Only one stretch of the material below is wanted: everything from the line containing "e una maschera." down to the line containing "Lpc Tussiphyt è", both ends included. Repeat it exactly and skip the pictures.

DATA FOR REVIEW:
╭──

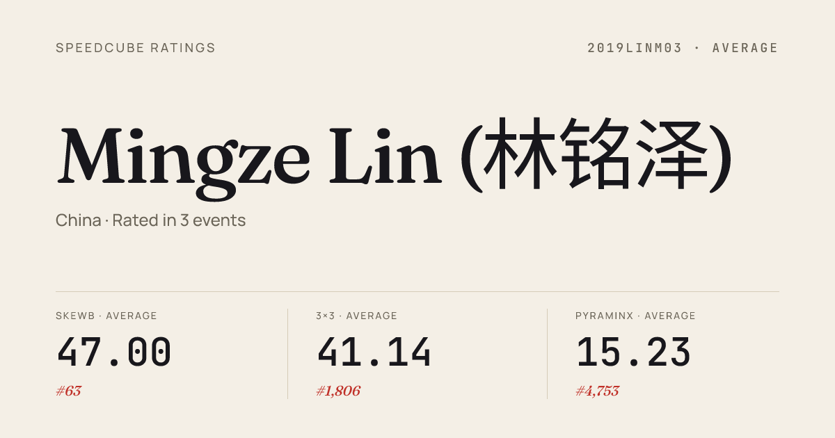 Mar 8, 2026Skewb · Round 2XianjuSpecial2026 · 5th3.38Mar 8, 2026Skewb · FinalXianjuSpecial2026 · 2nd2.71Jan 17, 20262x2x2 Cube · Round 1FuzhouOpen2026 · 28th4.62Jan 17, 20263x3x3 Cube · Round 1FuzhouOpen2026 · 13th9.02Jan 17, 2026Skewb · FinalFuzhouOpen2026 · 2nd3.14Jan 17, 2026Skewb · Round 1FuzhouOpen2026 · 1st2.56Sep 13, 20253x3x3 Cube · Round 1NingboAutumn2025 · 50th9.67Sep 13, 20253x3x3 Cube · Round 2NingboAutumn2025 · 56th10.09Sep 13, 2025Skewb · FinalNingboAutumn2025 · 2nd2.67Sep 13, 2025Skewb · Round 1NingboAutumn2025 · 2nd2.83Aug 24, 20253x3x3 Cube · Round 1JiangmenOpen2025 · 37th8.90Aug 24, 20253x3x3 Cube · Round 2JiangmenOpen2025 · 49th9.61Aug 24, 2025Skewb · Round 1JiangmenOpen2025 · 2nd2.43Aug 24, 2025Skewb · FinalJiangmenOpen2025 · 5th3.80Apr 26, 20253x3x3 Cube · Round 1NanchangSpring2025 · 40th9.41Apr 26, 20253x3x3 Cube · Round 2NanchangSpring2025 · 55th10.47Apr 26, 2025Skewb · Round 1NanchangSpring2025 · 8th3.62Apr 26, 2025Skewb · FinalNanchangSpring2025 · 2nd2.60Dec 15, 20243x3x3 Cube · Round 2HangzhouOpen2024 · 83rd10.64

╰──
╭──

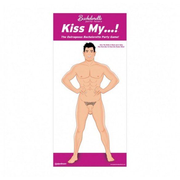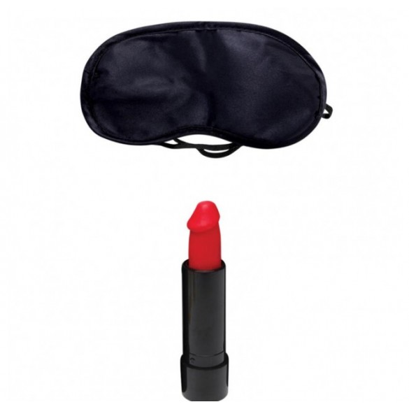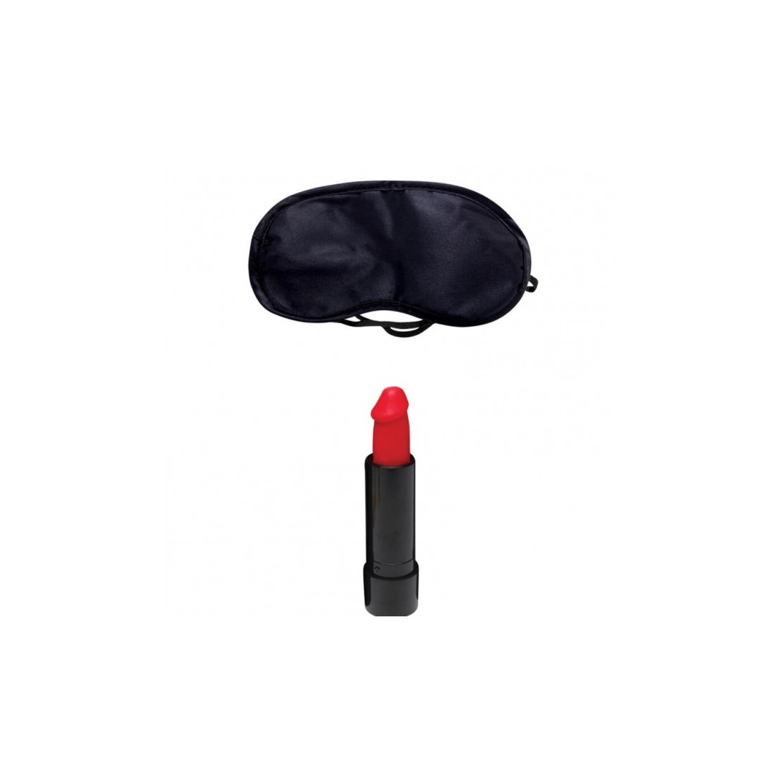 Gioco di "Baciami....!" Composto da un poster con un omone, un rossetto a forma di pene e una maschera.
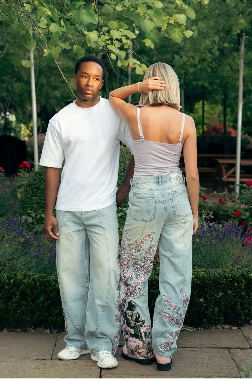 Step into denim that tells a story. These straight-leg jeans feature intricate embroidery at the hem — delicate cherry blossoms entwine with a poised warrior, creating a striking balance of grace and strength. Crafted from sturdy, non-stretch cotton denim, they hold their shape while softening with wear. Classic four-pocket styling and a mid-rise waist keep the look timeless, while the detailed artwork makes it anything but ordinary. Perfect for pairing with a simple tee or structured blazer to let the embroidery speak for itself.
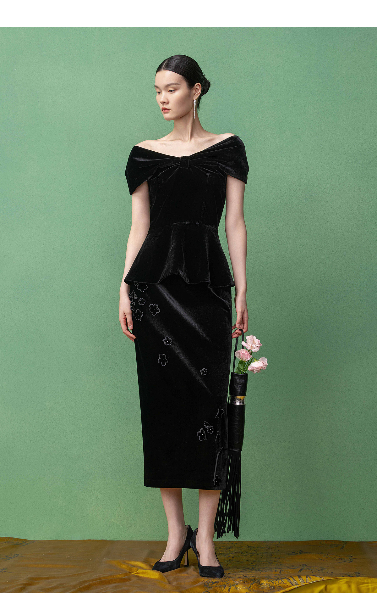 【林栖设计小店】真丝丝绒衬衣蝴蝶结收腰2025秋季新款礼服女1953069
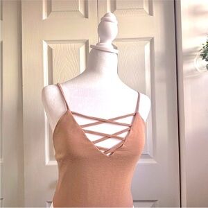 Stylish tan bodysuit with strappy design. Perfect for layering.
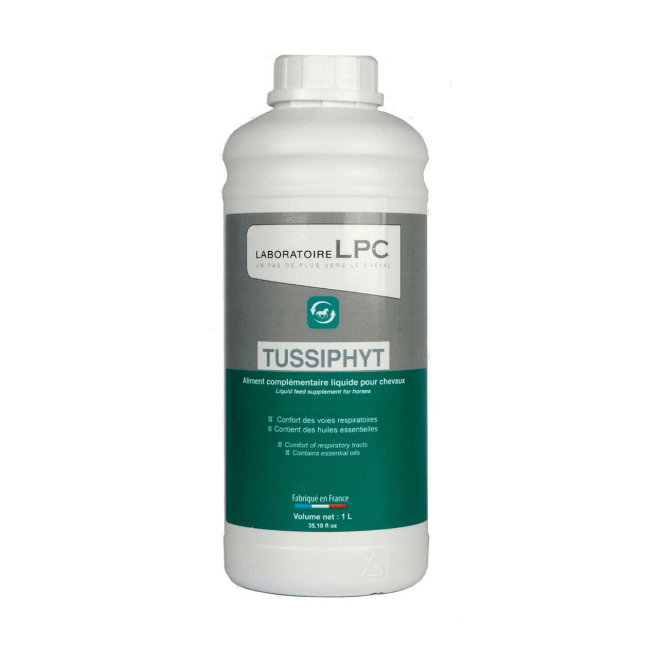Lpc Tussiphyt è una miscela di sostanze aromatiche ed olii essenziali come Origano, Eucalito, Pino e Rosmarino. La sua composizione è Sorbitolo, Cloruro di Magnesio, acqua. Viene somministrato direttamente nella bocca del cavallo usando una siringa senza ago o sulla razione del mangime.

╰──

EXPECTED ANSWER:
 Gioco di "Baciami....!" Composto da un poster con un omone, un rossetto a forma di pene e una maschera.
 Step into denim that tells a story. These straight-leg jeans feature intricate embroidery at the hem — delicate cherry blossoms entwine with a poised warrior, creating a striking balance of grace and strength. Crafted from sturdy, non-stretch cotton denim, they hold their shape while softening with wear. Classic four-pocket styling and a mid-rise waist keep the look timeless, while the detailed artwork makes it anything but ordinary. Perfect for pairing with a simple tee or structured blazer to let the embroidery speak for itself.
 【林栖设计小店】真丝丝绒衬衣蝴蝶结收腰2025秋季新款礼服女1953069
 Stylish tan bodysuit with strappy design. Perfect for layering.
Lpc Tussiphyt è una miscela di sostanze aromatiche ed olii essenziali come Origano, Eucalito, Pino e Rosmarino. La sua composizione è Sorbitolo, Cloruro di Magnesio, acqua. Viene somministrato direttamente nella bocca del cavallo usando una siringa senza ago o sulla razione del mangime.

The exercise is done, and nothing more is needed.